A previous post in the gene.iobio version 2 blog series focused on analyzing multiple genes simultaneously. This functionality has really increased the power of gene.iobio, making it a lot easier to analyze a set of genes and identify candidate disease variants. The problem is, though, that we still need to generate a list of genes to analyze. As described in the previous post, we can start with the list of 56 genes identified by the ACMG, but what would be ideal, would be start with a phenotype and generate a gene list from there. Fortunately, that is exactly what we can do!
In this post, we will use the modified Platinum trio dataset and assume this data originates from a family trio where the child is suffering from lactic acidosis. If we know a lot about this phenotype, we may know of some likely genes where we can start our analysis, but what if we do not? Or what if these genes turn up no candidate variants? Using Phenolyzer, a tool developed in the lab of Kai Wang at USC, we can use the phenotype to generate a gene list. For more information on this tool, or other software developed in this lab, go here.
In this case, we enter lactic acidosis, click 'Run' and wait for Phenolyzer to do its magic! Very briefly, Phenolyzer works by trying to match the entered phenotype terms to disease and phenotype terms in its own database to produce a list of seed genes. These genes are then checked for interactions with all other genes in the genome, accounting for four types of interaction; protein-protein interactions, genes in the same Biosystem or the same gene family and in transcription interactions. Based on all of this, a machine learning model is used to generate a score for each gene, and the output is a list of genes ordered by their scores. The output gene list for lactic acidosis appears in the left panel and the top 10 (this number is user configurable) genes appear as gene badges, ready to be interrogated.

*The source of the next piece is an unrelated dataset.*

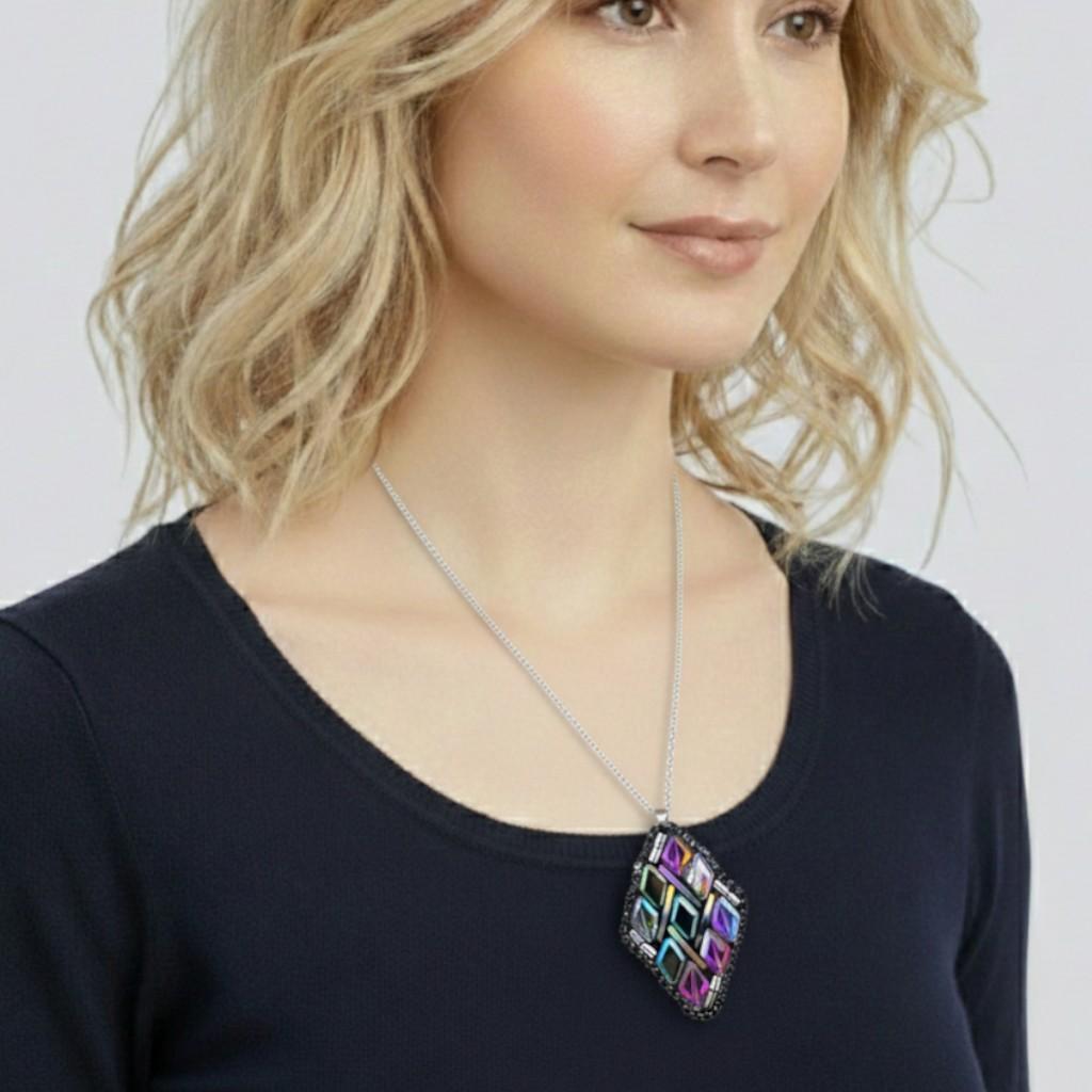 Descoperă o piesă de bijuterie care captează lumina și privirile: un pandantiv în formă de romb, lucrat integral manual, ce îmbină geometria modernă cu strălucirea hipnotică a materialelor electroplacate. Este accesoriul ideal pentru femeia care își dorește un look avangardist, dar sofisticat.

By default, the genes are not automatically analyzed, but we can select 'Analyze all' to begin analysis. When complete, the gene badges describe any interesting variants within them using the glyphs described in the multi-gene analysis post.

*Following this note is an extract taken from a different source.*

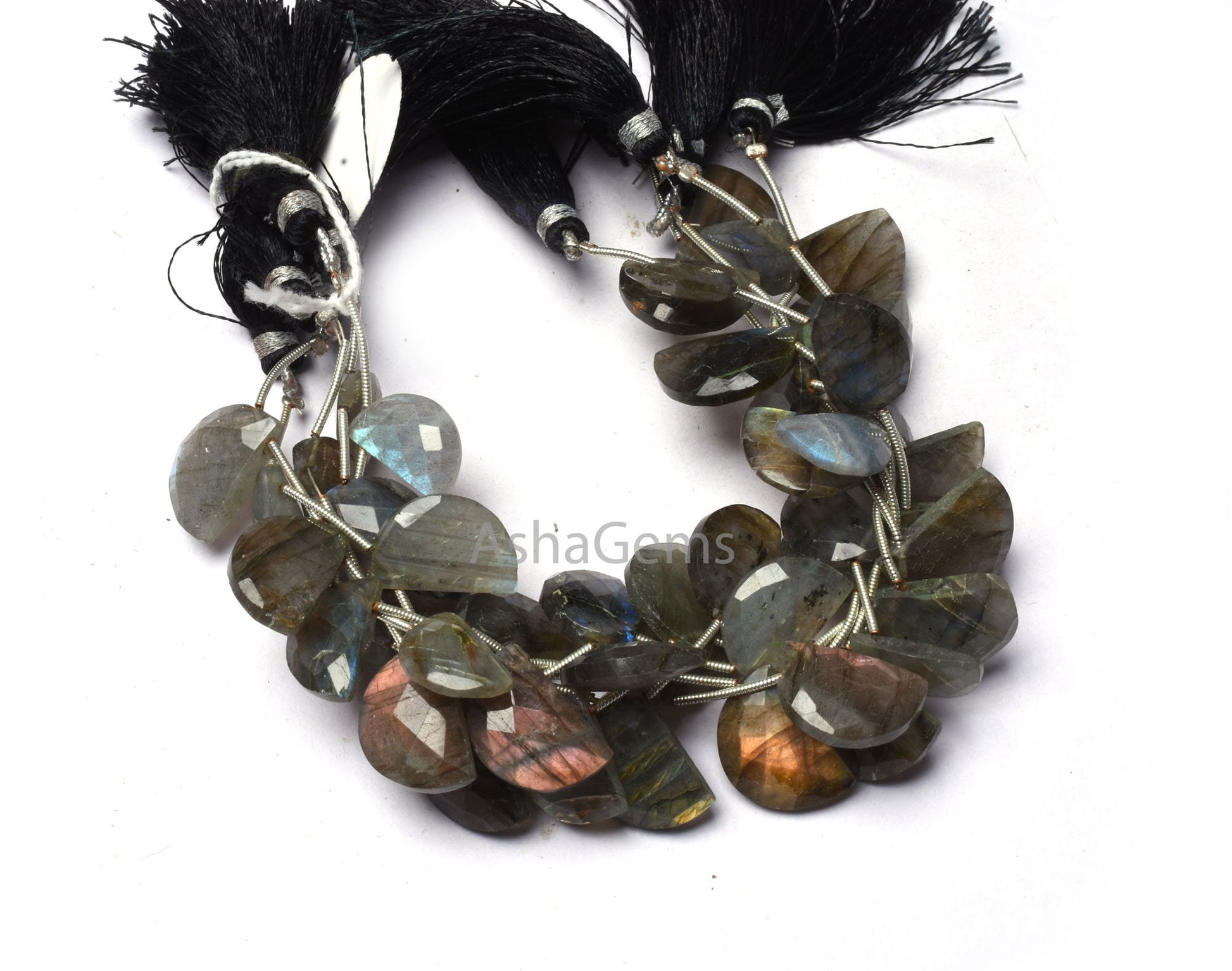 Natural Flash Labradorite Fancy D Shape Gemstone Beads Black rainbow Faceted Briolette beads, Labradorite Side Drill Beads For Jewelry Craft

The gene badges are in the prioritized order, so the gene to the furthest left (TTPA) is considered the most important by Phenolyzer. The RAI1 gene still appears in the gene badges, since this was present prior to running Phenolyzer. We can see that there are no glyphs associated with the TTPA gene, so there are no high impact variants to look at there. The highest ranked gene that does have interesting variants to look at is PDHA1, so that is the first gene we should look at. In this gene, we see only two variants; an insertion in a promoter and a de novo missense variant predicted to be deleterious by SIFT and probably_damaging by PolyPhen. The variant is not seen in either 1000 Genomes or in ExAC, so this variant may well be a good candidate for the obseved phenotype.